将指针作为参数传递给C中的函数

Question

Something I stumbled upon and made me wonder. Why does this work?

void foo (int* a)
{
    int x = 3;
    *a = x;
}

int main()
{
    int a;
    foo(&a);
    return 0;
}

But this causes a segmentation fault (both on Visual Studio 2008 and gcc)?

void foo (int* a)
{
    int x = 3;
    *a = x;
}

int main()
{
    int* a;
    foo(a);
    return 0;
}

Is it something defined in the language or just an implementation issue?

Answer 1

When you declare

int* a;

You are declaring a pointer variable a but you are not making it point to anything. Then in the function, you do

*a = x;

Which dereferences the pointer and tries to assign what it points to the value of x . But since it doesn't point to anything, you get undefined behaviour, manifested in a segmentation fault.

You should do this:

int i; // the actual integer variable
int* a = &i; // a points to i

The difference between that and the first one is that int a; declares a real integer variable, then you take its address with &a and passes it to the function.
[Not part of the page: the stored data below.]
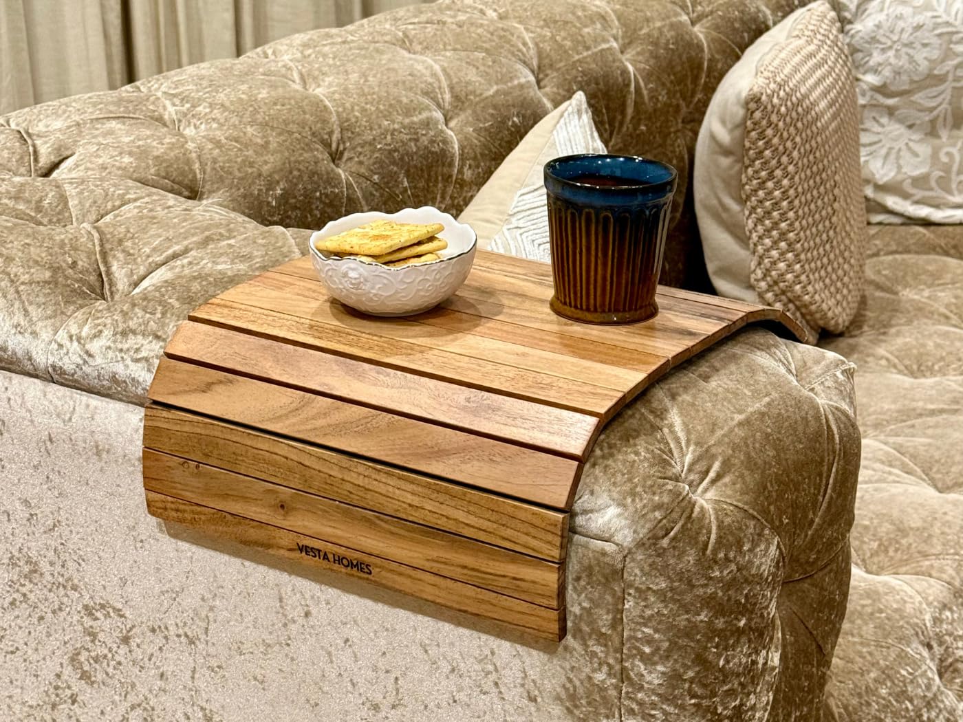 SERVE FOOD DRINK ON YOUR SOFA/BED/RECLINERS: Wraps around your sofa/recliner armrest, and you can serve food / drink / wine / whiskey with ease. Can also be used to serve food on bed / table.
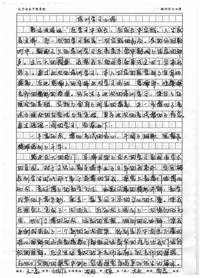 沈阳市大东区大杯街道尚品社区王一品培训学习心得
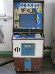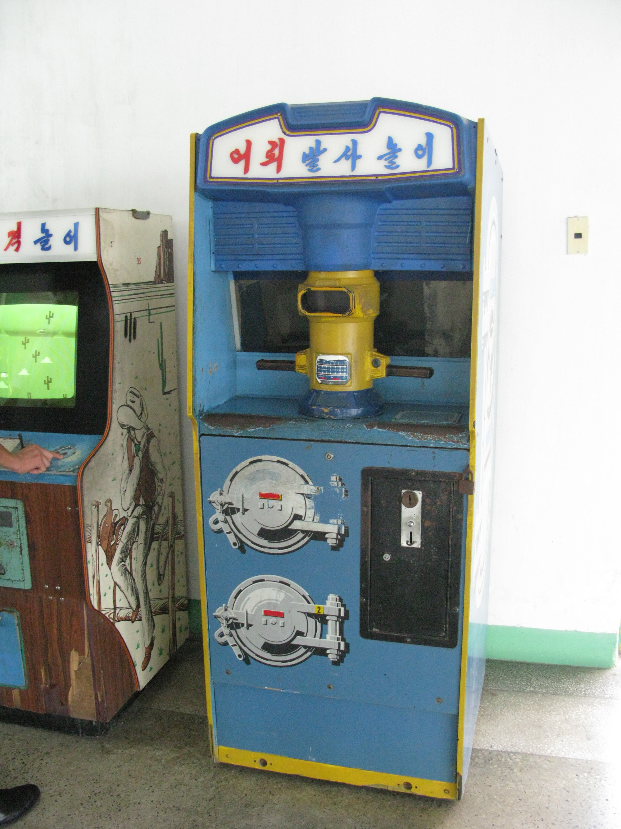 The earliest report about arcade games in North Korea reached the South in the earlier 1990s, when a goldfish store opened in Pyongyang's Reunification Street, which also happened to hold arcade machines for the kids2. Mention of a dedicated arcade followed in 19993, though information on further details was once again very sparse, as would be expected. More recently (September 2008), a series of pictures supposedly taken at a North Korean arcade by an anonymous photographer surfaced on the net, showing a few archaic machines in changed cabinets with labels in Korean (they have been identified with Midway's Gun Fight from 1975, Electra's Flying Fortress from 1977 and Midway's Submarine from 1979) next to various well known 80's games in standard Sega Aero City cabinets, like Konami's Yie Ar Kung Fu4.
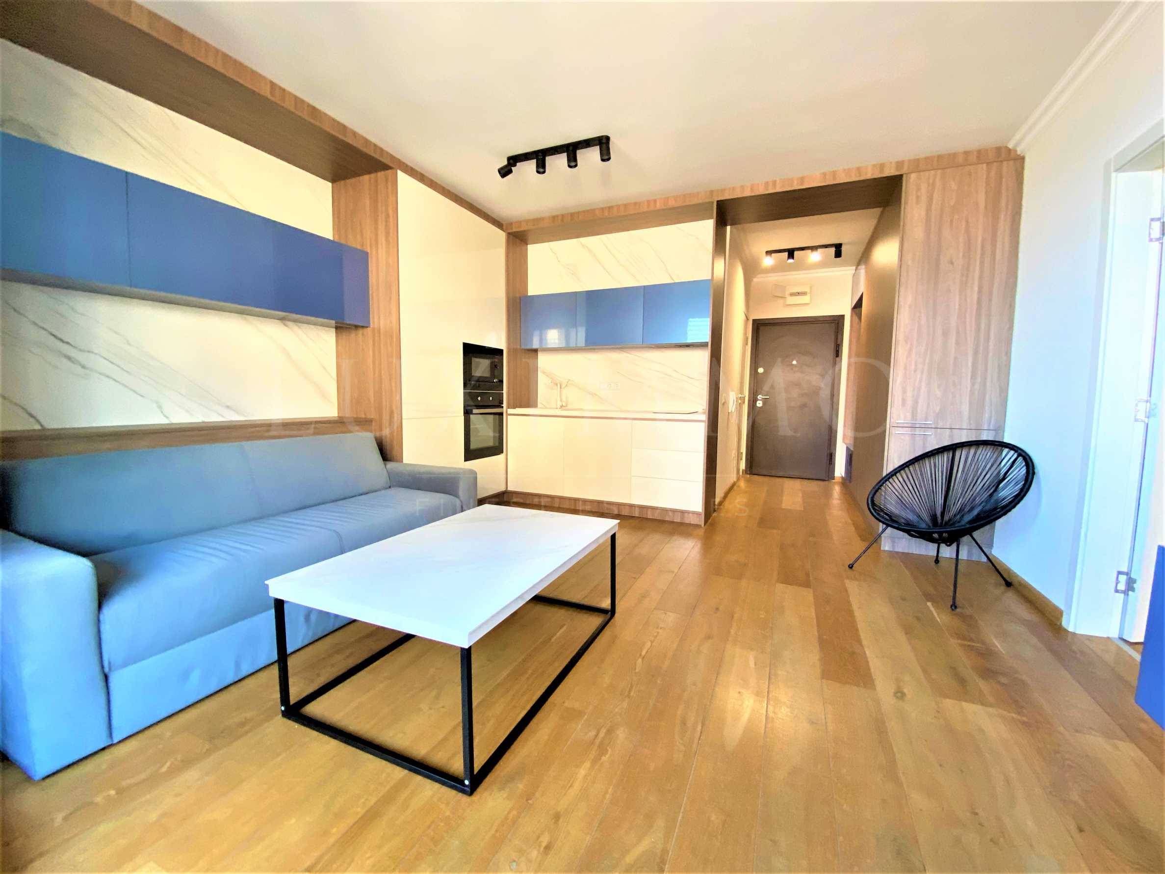 Имотът с обща площ от 64.88 кв.м е разположен на 4-ти етаж от 6 в нова, съвременна сграда с ефектна архитектура, изпълнена с висококачествени материали - луксозни общи части с гранитогрес, видеодомофон, асансьор на Orona и др. Състои се от дневна с кухня, спалня, баня с тоалетна и тераси с гледки към близкия плаж.

The pointer a inside the function foo points to the variable a in main , and so dereferencing it and assigning to it is perfectly fine.

Answer 2

int a;

Assigns memory as soon as you declare it but this not the case with int *a;

int *a; 

is pointer declaration (MEMORY not yet allocated for that).

int *a = (int*)malloc(sizeof(int)); // allocate memory